A lower-key but maybe even more impressive story is right tackle Charles Siddoway. His play was quietly competent enough to observers, yet what they could not know was the senior probably should not have been on the field at all with a genuine back-disc situation. Playing with pain doesn't do justice, but nobody heard a discouraging word from Siddoway.

"Oh yeah, he stuck it out," Jackson said. "He's a pretty tough guy and fought through it and got a lot of treatment and therapy on it. And did what he had to do to survive the rest of the season." And as a result of his and other trenches-efforts, Mississippi State's entire team survived to play another game.

A bowl game, a record fourth-straight post-season appearance. Funny thing, though, these Bulldogs aren't settling for making program history. Enough veterans of last New Years Day defeat in Jacksonville are around that they aren't allowing anyone take another trip as routine.

Yes, Jackson said, "It's a great feeling. For one, to be go bowling again, and to be the fourth-straight one. And hopefully we get a win in this one and finish the season with a win." Which means more now to the senior than ever, since he's experienced a bowl defeat too. "Last year was a heartbreaking loss, we came out rough and couldn't recover from it.

"Just to end the season with a good taste in our mouth for the younger guys that are coming back next year, and start their consecutive wins will be a good thing."

There's that ‘next year' angle again, from a fellow who by then will be playing for pay. Jackson is projected as one of and perhaps the very top guard prospect in the 2014 draft, though so much comes down to what clubs like him best and need him most.
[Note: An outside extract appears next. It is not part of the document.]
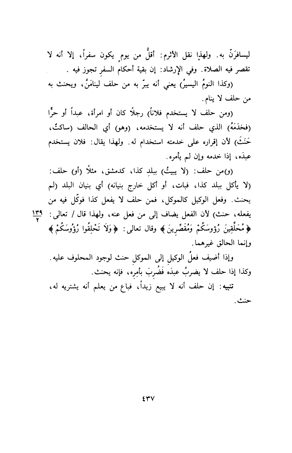 (و) من حلف: (لا يبيتُ) ببلدِ كذا، كدمشق، مثلاً (أو) حلف: (لا يأكل ببلد كذا، فبات، أو أكل خارج بنيانه) أي بنيان البلد (لم يحنث. وفعل الوكيل كالموكل، فمن حلف لا يفعل كذا فوكّل فيه من يفعله، حنث) لأن الفعل يضاف إلى من فعل عنه، ولهذا قال تعالى: {مُحَلِّقِينَ رُؤوسَكُمْ وَمُقَصِّرِينَ} وقال تعالى: {وَلَا تَحْلِقُوا رُؤُوسَكُمْ} وإنما الحالق غيرهما.

Fans can recall that a year ago at this time Jackson was actually evaluating his potential to turn pro early. His decision to return came pretty quickly, and now…"I mean, I really didn't want to leave no way!" he admitted.

"I mean I love every second of being here you know and the guys we have are great guys and I'd rather be around that any day." Those days are coming to an end though, and there is only one fitting way to exit a field now.

Winning, satisfied, even a little…boastful? OK, maybe not the last one. But don't misunderstand how important it is to Jackson to win one more time with this team.

"It means everything. When I ran out on Davis Wade, I never expect to lose you know, against Ole Miss! But you had that question of ‘what if this is my last game here?' There was a lot of emotion involved and I'm grateful to have another game with my teammates."

And should Jackson & squad bow-out as winners? Yep, more history, as the first three-time bowl champions for Mississippi State. That page in the record book just keeps filling up.